Integrative Cardiac Health Project, Walter Reed Army Medical Center, 6900 Georgia Avenue, Washington, DC 20307-5001, USA.
Military medicine (Impact Factor: 0.77). 11/2012; 177(11):1254-60. DOI: 10.7205/MILMED-D-11-00242
Source: PubMed

ABSTRACT To examine major factors affecting readiness in the Army National Guard (ARNG), 265 soldiers of the Pennsylvania ARNG redeploying in 2010 from Iraq and Afghanistan were evaluated with validated questionnaires during their first unit formation. The questionnaires assessed demographic information, health habits, levels of perceived stress, mood, diet, sleep, and exercise habits, and included a screening question for depression. Our analysis revealed no negative effects of multiple deployments in this cohort of ARNG soldiers.
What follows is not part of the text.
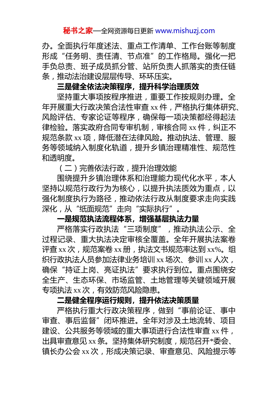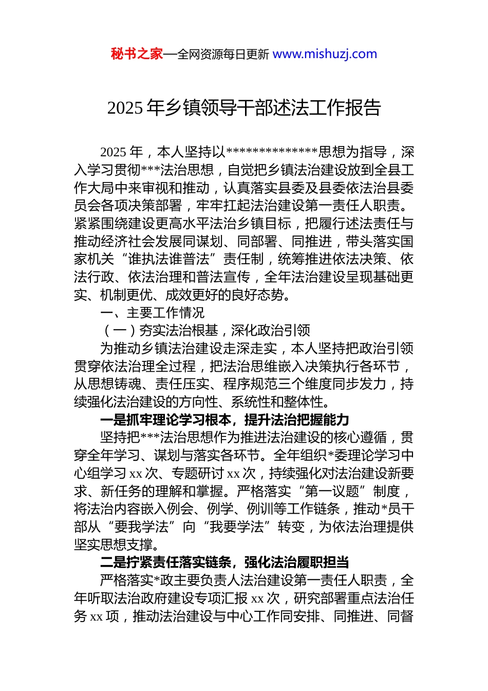 秘书之家—全网资源每日更新 www.mishuzj.com2025 年乡镇领导干部述法工作报告2025 年,本人坚持以**************思想为指导,深入学习贯彻***法治思想,自觉把乡镇法治建设放到全县工作大局中来审视和推动,认真落实县委及县委依法治县委员会各项决策部署,牢牢扛起法治建设第一责任人职责。紧紧围绕建设更高水平法治乡镇目标,把履行述法责任与推动经济社会发展同谋划、同部署、同推进,带头落实国家机关“谁执法谁普法”责任制,统筹推进依法决策、依法行政、依法治理和普法宣传,全年法治建设呈现基础更实、机制更优、成效更好的良好态势。一、主要工作情况(一)夯实法治根基,深化政治引领为推动乡镇法治建设走深走实,本人坚持把政治引领贯穿依法治理全过程,把法治思维嵌入决策执行各环节,从思想铸魂、责任压实、程序规范三个维度同步发力,持续强化法治建设的方向性、系统性和整体性。一是抓牢理论学习根本,提升法治把握能力坚持把***法治思想作为推进法治建设的核心遵循,贯穿全年学习、谋划与落实各环节。全年组织*委理论学习中心组学习 xx 次、专题研讨 xx 次,持续强化对法治建设新要求、新任务的理解和掌握。严格落实“第一议题”制度,将法治内容嵌入例会、例学、例训等工作链条,推动*员干部从“要我学法”向“我要学法”转变,为依法治理提供坚实思想支撑。二是拧紧责任落实链条,强化法治履职担当严格落实*政主要负责人法治建设第一责任人职责,全年听取法治政府建设专项汇报 xx 次,研究部署重点法治任务 xx 项,推动法治建设与中心工作同安排、同推进、同督秘书之家—全网资源每日更新 www.mishuzj.com办。全面执行年度述法、重点工作清单、工作台账等制度形成“任务明、责任清、节点准”的工作格局。强化一把手负总责、班子成员抓分管、站所负责人抓落实的责任链条,推动法治建设层层传导、环环压实。三是健全依法决策程序,提升科学治理质效坚持重大事项按程序推进,重要工作按规则办理。全年开展重大行政决策合法性审查 xx 件,严格执行集体研究、风险评估、专家论证等程序,确保每一项决策都经得起法律检验。落实政府合同专审机制,审核合同 xx 件,纠正不规范条款 xx 项,降低潜在法律风险。推动执法、管理、服务等领域纳入制度化轨道,提升乡镇治理精准性、规范性和透明度。(二)完善依法行政,提升治理效能围绕提升乡镇治理体系和治理能力现代化水平,本人坚持以规范行政行为为核心,以提升执法质效为重点,以强化制度执行为路径,推动依法行政从制度要求走向实践深化,从“纸面规范”走向“实际执行”。一是规范执法流程体系,增强基层执法力量严格落实行政执法“三项制度”,推动执法公示、全过程记录、重大执法决定审核全覆盖。全年开展执法案卷评查 xx 次,规范案卷 xx 册,执法文书规范率达到 xx%。组织行政执法人员参加法律业务培训 xx 场次、参训 xx 人次,确保“持证上岗、亮证执法”要求执行到位。重点围绕安全生产、生态环保、市场监管、土地管理等关键领域开展专项执法 xx 次,有效防范风险隐患。二是健全程序运行规则,提升依法决策质量严格执行重大行政决策程序,做到“事前论证、事中审查、事后监督”闭环推进。全年对涉及土地流转、项目建设、公共服务等领域的重大事项进行合法性审查 xx 件,出具审查意见 xx 条。坚持集体研究制度,规范召开*委会、镇长办公会 xx 次,形成决策记录、审查意见、风险提示等秘书之家—全网资源每日更新 www.mishuzj.com材料 xx 份,确保每一项决策都有法可依、依规可查、责任可溯。三是强化制度落实监督,提升规范管理能力坚持以制度执行推动政府效能提升,全面梳理行政管理制度 xx 项,修订完善 xx 项,废止不适宜执行 xx 项,推动制度体系更趋准确、衔接更趋严密。严格落实政府合同管理制度,全年审核合同 xx 件,修订风险条款 xx 项,有效避免潜在法律风险。加强重点岗位监督,对土地审批、财政资金、村级事务等开展专项督查 xx 次,推动制度执行从“被动遵守”走向“主动落实”。(三)拓宽普法路径,增强群众认同坚持把普法工作融入基层治理实...

There was no apparent impact on readiness attributable to soldiers' living locations; there did not appear to be an urban-rural divide. There were, however, numerous opportunities to improve health behaviors, including smoking (prevalence of 41%), poor dietary choices and sleep habits, as well as management of stress and mood disorders. A striking prevalence of sleep apnea exists in these ARNG soldiers (40%), approximately double that previously measured in the general U.S. population. Soldiers with high stress, depression, poor sleep quality, and sleep apnea are at increased long-term risk for cardiovascular complications and deserve focused interventions to encourage lifestyle behavior change.